PERMITS. Aside from the usual business permits and registrations (from the Department of Trade and Industry, barangay hall, mayor’s office, Bureau of Internal Revenue, among others), a gas station proprietor must secure an environmental compliance certificate (ECC) from the Department of Environment and Natural Resources. SeaOil’s Monasterial says the ECC is proof that the gas station will not cause a significant negative impact on the environment. The ECC serves as a badge recognized by the Department of Energy.
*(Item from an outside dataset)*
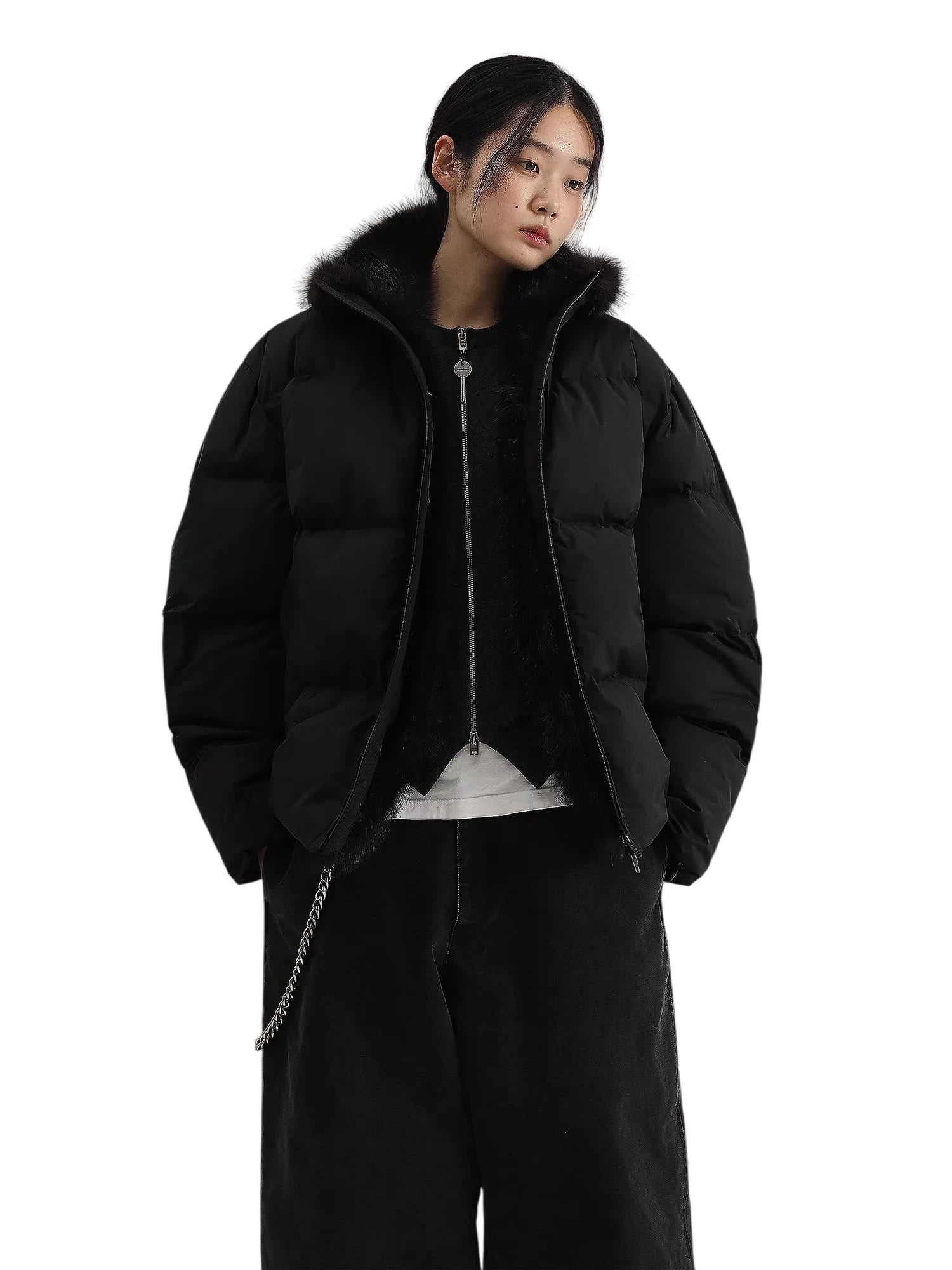 Its voluminous quilted construction offers a cozy and modern silhouette. The jacket includes a durable front zipper and practical side pockets. The design blends fashion and function, making it suitable for both casual and urban wear during colder months.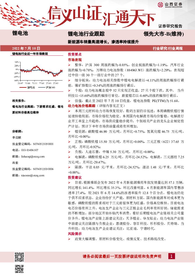 山西证券:锂电池行业跟踪:新能源车销量高速增长,渗透率持续提升.pdf

PRODUCTS. Oil companies with refineries such as Shell and Petron import crude oil and process it locally to prepare the final product for distribution. However, smaller gas stations may purchase supplies from another station. Monasterial says product sourcing is faster, more reliable and cheaper for franchisees than for those who set up their own gas station. Independent gas stations “won’t have security of supply.
For example, when world prices of oil rise, bigger companies typically hold on to their stocks instead of selling them to other gas stations.” To increase sales, a station may sell lubricants and liquefied petroleum products.
TERMS OF PAYMENT. Petroleum products are expensive. To help dealers, some companies offer term payments. For SeaOil, dealers may choose to pay for lubricants after a month. Payment terms for fuel products are even better. “It’s only after the third delivery that we ask our dealers to pay their fi rst delivery,” said SeaOil’s Monasterial. To get the best deal, talk to as many oil companies as you can.